[Mailman-Developers] Interesting study -- spam onpostedaddresses...
Stephen J. Turnbull
21 Feb 2002 13:23:48 +0900
>>>>> "Chuq" == Chuq Von Rospach <email@example.com> writes:
Chuq> On 2/20/02 1:37 PM, "Damien Morton"
Chuq> <firstname.lastname@example.org> wrote:
>> As far as I can see thay are using url/cgi encoding in the
>> email address. This is trivial to circumvent, as is using html
>> entities, or any other reversible scheme.
Chuq> With a constantly varying algorithm. So they obfuscate, but
Chuq> they never obfuscate in a predictable way. Which means if
Chuq> you're a spambot, you have to look at every byte of every
Chuq> page and attempt to de-obfuscate it in every possible way to
Chuq> see if it's obfuscated. You CAN do it, but you make it
Chuq> computationally massively expensive.
Er, last I heard "massively expensive" ~ "exponential". This is
O(n*m) where _n_ is the number of bytes and _m_ is the number of
obfuscations, and _m_ is bounded by user patience.

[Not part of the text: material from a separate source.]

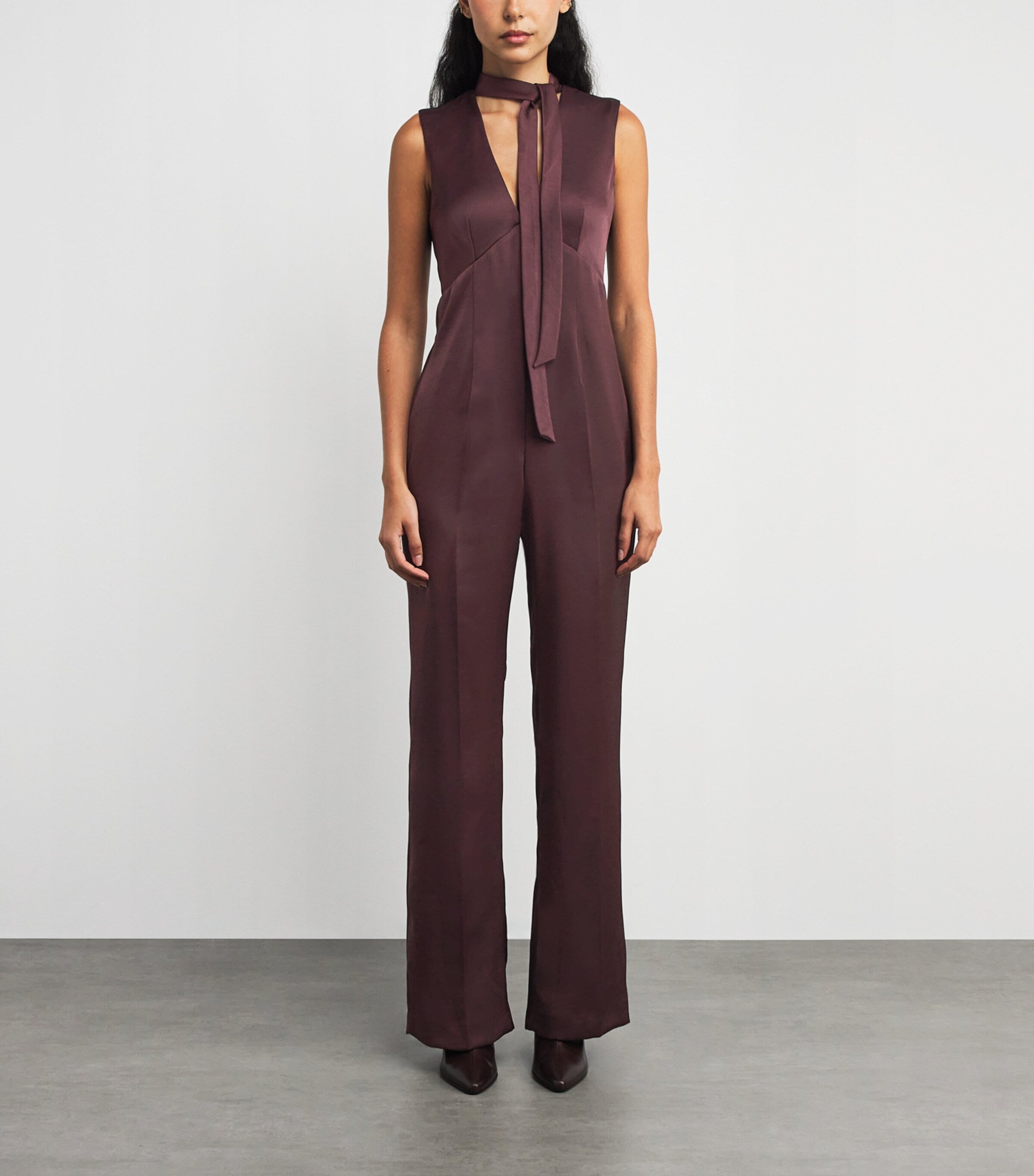 Purple Satin Jumpsuit - aubergine / 34 FR

Nor do the spammers need to deobfuscate all the obfuscations. They
only need enough that they're getting a reasonable harvest rate. But
the people who post to /. etc tend to be repeat offenders, and the
obfuscation is random. So we lose as soon as the amount of address
content obfuscated in this way becomes noticable.
And maybe before that, as many spammers seem to take address-hiding as
a personal offense, in the same way that crackers view passwords.
Institute of Policy and Planning Sciences http://turnbull.sk.tsukuba.ac.jp
University of Tsukuba Tennodai 1-1-1 Tsukuba 305-8573 JAPAN
Don't ask how you can "do" free software business;
ask what your business can "do for" free software.